Hoe had de stad eruit gezien zonder welstand?
“Dan waren er meer ‘ongelukken’ gebeurd. Maar hoe zou de stad eruit hebben gezien als we niet zo’n stedenbouwkundige ontwikkeling hadden doorgemaakt in Amsterdam? En dan heb ik het over de tijd van de grachtengordel tot en met de Westelijke Tuinsteden. De stedenbouw en de daarmee samenhangende beeldvorming is natuurlijk waanzinnig veel belangrijker voor Amsterdam geweest dan de welstand. Eigenlijk is de welstand de afgelopen decennia belangrijker geworden vanwege het ontbreken van een stedenbouwkundig primaat. Wat we vanaf 1980 hebben gezien is meer planologie dan stedenbouw. Centraal staat niet meer de doorsnede van een straatprofiel en het vormgeven van de stedelijke ruimte. We concentreren ons op woningen stapelen.

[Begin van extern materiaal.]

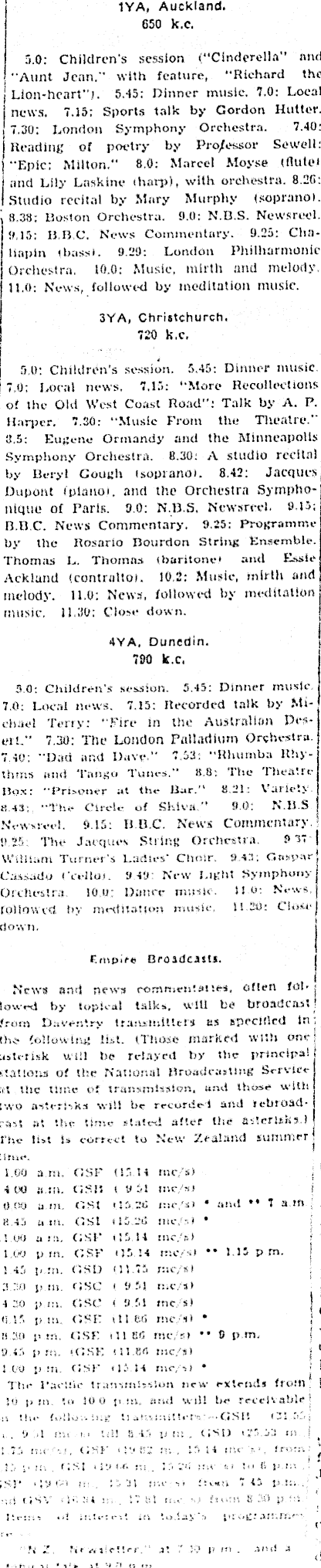 , IYA, Auckland. 650 k.C. 5.0: Children's session ("Cinderella'’ and "Aunt Jean." with feature, “Richard the Lion-heart’ ). 5.45: Pinner music. 7.0: Local news. 7.15: Sports talk by Gordon Hutter. 7.30: London Symphony Orchestra. 7.40: Reading of poetry by Professor Sewell: "Epic: Milton." 8.0: Marcel Moyse < flute) and Lily Laskine (harp), with orchestra. 8.20: Studio recital by Mary Murphy (soprano). 8.38; Boston Orchestra. 9.0: N.B.S. Newsreel. 9,15: BBC. News Commentary. 9.25: Chaliapin (bass). 9.29: London Philharmonic Orchestra. 10.0: Music, mirth and melody. 11.0: News, followed by meditation music. 3YA, Christchurch. 720 k.c. 5.0: Children's session. 5.45: Dinner music. 7.0: Local news. 7.15: “More Recollections of the Old West Coast Road”: Talk by A. P. Harper. 7 30: “.Music From the Theatre." 3.5: Eugene Ormandy and the Minneapolis Symphony Orchestra. 8.30: A studio recital by Beryl Gough (soprano). 8.42: Jacques Dupont tpianoi, and the Orchestra Symphoniqtie of Paris. 9.0: N.B.S. Newsreel. 9 15; 8.8 C. News Commentary. 9.25: Programme by the Rosario Bourdon String Ensemble. Thomas L Thomas (baritone l and Essie Ackland (contralto). 10,2: Music, mirth and melody. 11.0: News, followed by meditation j music. 11,30: Close down. 4YA, Dunedin. 790 k.c. 5.0: Children's session. 5.45: Dinner music 7.0: Local news. 7.15: Recorded talk by Michael Terty: “Fire in the Australian Resell." 7.30: The London Palladium Orchestra. 7W. "Dad and Dave ” 7.53: “Rhumba Rhythms and Tango Tunes.” 8.8: The theatre Box: ’-prisoner at the Bur. ’ 8.21: Variety. 8.43: ’*‘l !•.«- Ctirele of fslsiva. ' 9.0: N.B.S Newsreel. 9.15: H B.C. News Commentary 11.25 The Jacques String Orchestra 937 I Wdltam Turner's Ladies.- Choir. 9<V Gnsyarl Cieisado (\<llo>. 9 49: New Light Symphoie. < Orchestra lOu; Dimer mu-m lit” News j followed by meditation music 11.3): Closej down. Ernpire Broadcasts. News and news commeniaiies. often fol-, lowest by topical talks, will be broadcast'' from Daven'.ry transinltteis tis specitled in: the 'olluwlni! list. (Those marked with <w | asterisk will be relayed by the principal! stations of the National Brvadrastmg Service - at the time of trumunls»ion. and those with two asterisks will be recordei and rebroad- i east at '.ba- time states! after the a-.lcrisio.) • . The list i» correct to New Zealand summer ' 1.00 am GSF fl' H mc.’s) 4WJ a m tISII t 9 :-1 mc/si 0.00 a 111. Ght <’. 2C tm :> * and ” 7 a m li 45 am. GSt >;:. me- ' * ll.Wl am, GSI‘ i 15,14 me S) l.C<) pm. GSF 115 14 me. -< •* 1.13 pm. !45 i< :n. GSD ’ll 7:< r:» I ■ ;i :.i pm < ISC < 951 n.c s> •> 20 p m C.SC ( 951 flit s! } < p m GSE ill t“’> me si • b: i pm. GSE 111 Efi me si ” 9 pm. y pm iGSI" iII.EC rnc.'j) :1 CO pm. GSl’ ! 1 14 me si • Tin- I’acUi.- transmission new extends from ! : IO pm iOil i-m.l will lie receivable: •c. Hie .mg I: -m.'.’.-r- GSt! <3! u . 9.: :■ ■ - m . GSD u :y. m< GhF -19 ns ■■■■ . m< ■■ , •. . '.. <; -.! <»• m ■■l■r 1- rn y ,S’’ tt : lit ir.v frc«n 7 4.5 p.m.,J .•. rj (i S\ -b• -' < Ji- jTUI D •' ' j f2’ •' S .'< p ' r.min «/! if;!*-:, at .t\ tmt-it, - : ‘m r ,’i Z. ’< t ji c!! rf’ 41 ffi . A 4 $ ! • I 41 t. 3 • ► I- gs
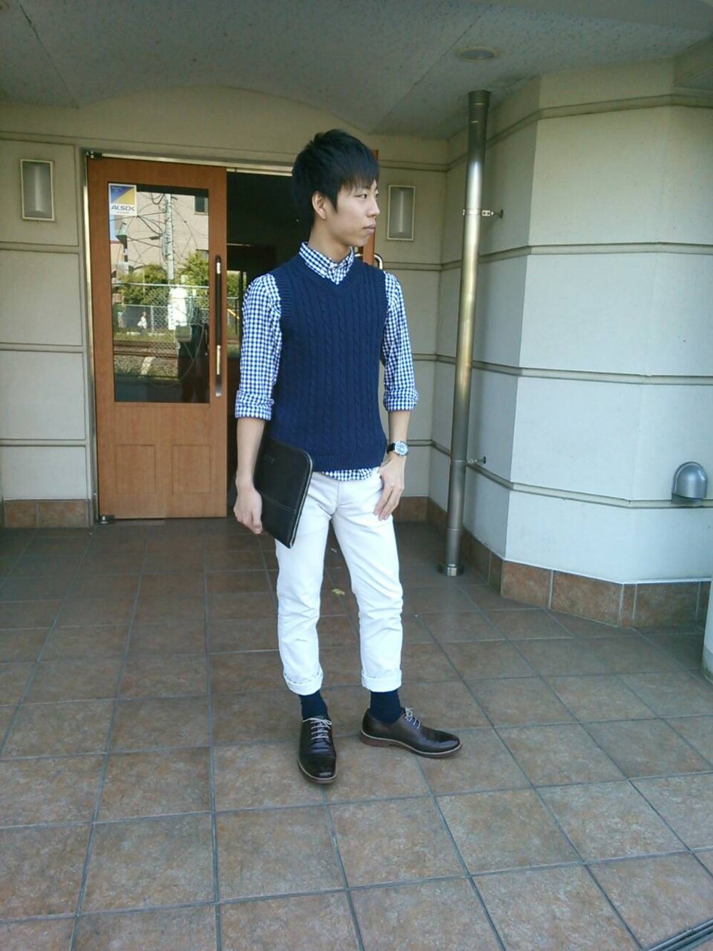 ギンガムチェックシャツを使った春夏コーデになります。 ネイビーのニットベストは色の効果で細身に見えてカッチリしがちなので、チェックでカジュアルダウンしました。 ギンガムチェックと白ボトムを活かすためにネイビーのベストとソックスで色みを落ち着かせて、キレイ目にしました!また革靴は敢えて黒ではなくブラウンにしたことで少し上品な感じになるようにしてみました。 シャツ、ソックス、シューズを安物で揃えました。 Knit vest: Beams plus ¥ 8500 Shirt:無印良品 ¥3000 Botms: Levi's 511 Bedford cord ¥8500 Socks : 無印良品 ¥300 Shoes: Stefanorossi ¥10000 Watch : Emporio Armani 今日は母の日でしたので、母にはカサブランカをプレゼントいたしました。喜んでもらえて私も非常に嬉しかったです(*^-^*)
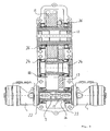 - the transmission according to the invention differs according to Figures 4 and 5 of the previously described by the bearing of the bevel pinion shafts 13 of the hydraulic motors 4. It is clear that the bevel pinion shaft 13 is mounted directly in the transmission housing 1 only with a bearing 31.
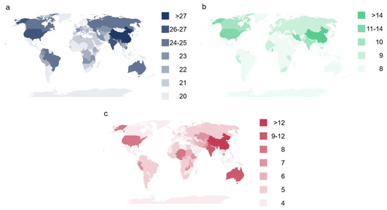 Number of studies mostly concerned with a thematic focus on hydrosphere (a), biosphere (b), and anthroposphere (c).
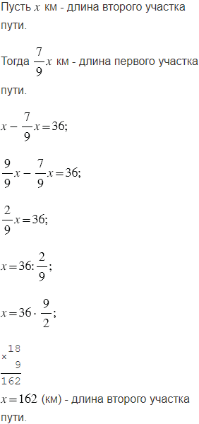 длины второго участка. Чему равна длина всего пути, если второй участок длиннее первого на 36 км?
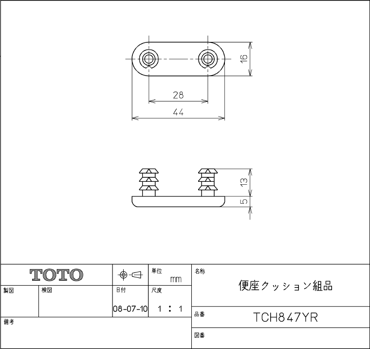 紛失したり、劣化した場合の補修用にお使いください ■ 適合便座 TOTO製便座でTCF108・109・113・123・222・223・230・231・240・241・250・251・252・253・254・255・260・261・265・266・302・303・312・313・322・323・393・650・651・660・661・670・671・680・681・770・771・775・776・780・781・873・2010・2011・2020・2021・6010・6011・6020・6021・6030・6031に適合 ※他のメーカー製や品番違いの便座には取付けできません ■ 適合部分 便座下と便器との接触部分専用 ■ 取付け方法 便座を開いて立てた状態で作業します。
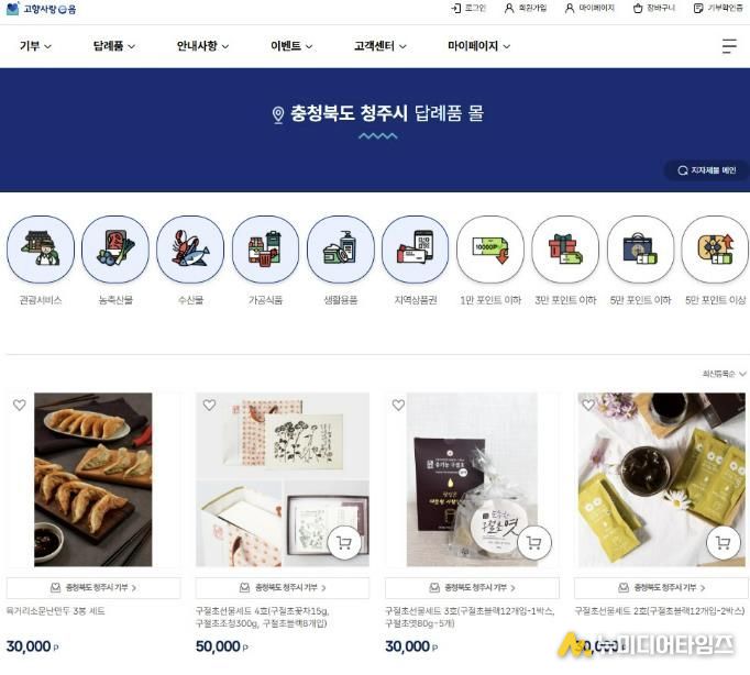 시 관계자는 “청주시에 마음을 보내주신 기부자들의 취향을 반영한 다양한 답례품을 선보일 계획”이라며 “만족도 조사와 업체 점검을 통해 품질 좋은 답례품 제공이 이뤄지도록 지속적으로 노력하겠다”고 말했다.
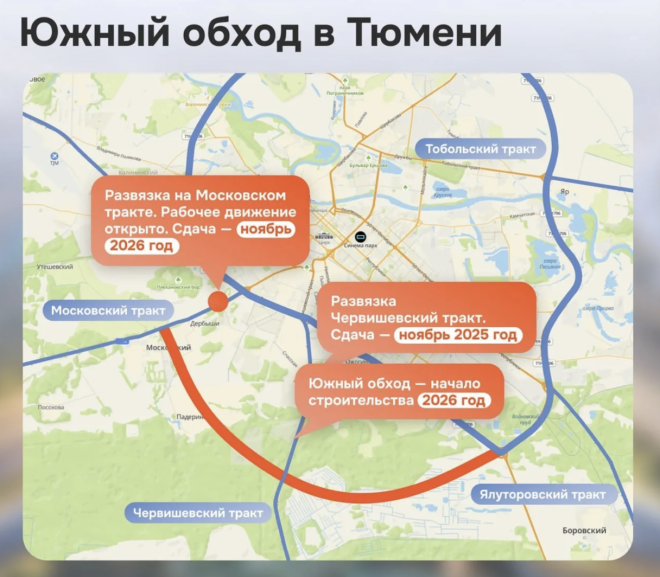 Южный обход Тюмени планируют построить с 2026 до 2029 года, проект реализует ГК "Автодор" после подписания соглашения между Минтрансом России и Тюменской областью. Финансирование предусмотрено из областного бюджета.
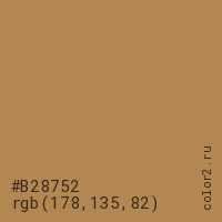 Цвет #B28752 в цветовой модели RGB обозначается тремя октетами (178, 135, 82) в десятичном формате и #B28752 в шестнадцатиричном (hex) формате, которые являются интенсивностью красного 178 (hex B2), интенсивность зелёного 135 (hex 87) и интенсивность синего 82 (hex 52).

“Ik ben wel heel tevreden over het Oostelijk Havengebied en zeker het Java-eiland. Daar is wel stevig ingezet op stedenbouw. De individuele architectuur is er misschien niet eens zo bijzonder, maar door je oogharen maakt dat niet uit. Je hebt daar een stevige structuur. En ook daar zie je dat de cultuurhistorische context zo’n belangrijke rol kan spelen.”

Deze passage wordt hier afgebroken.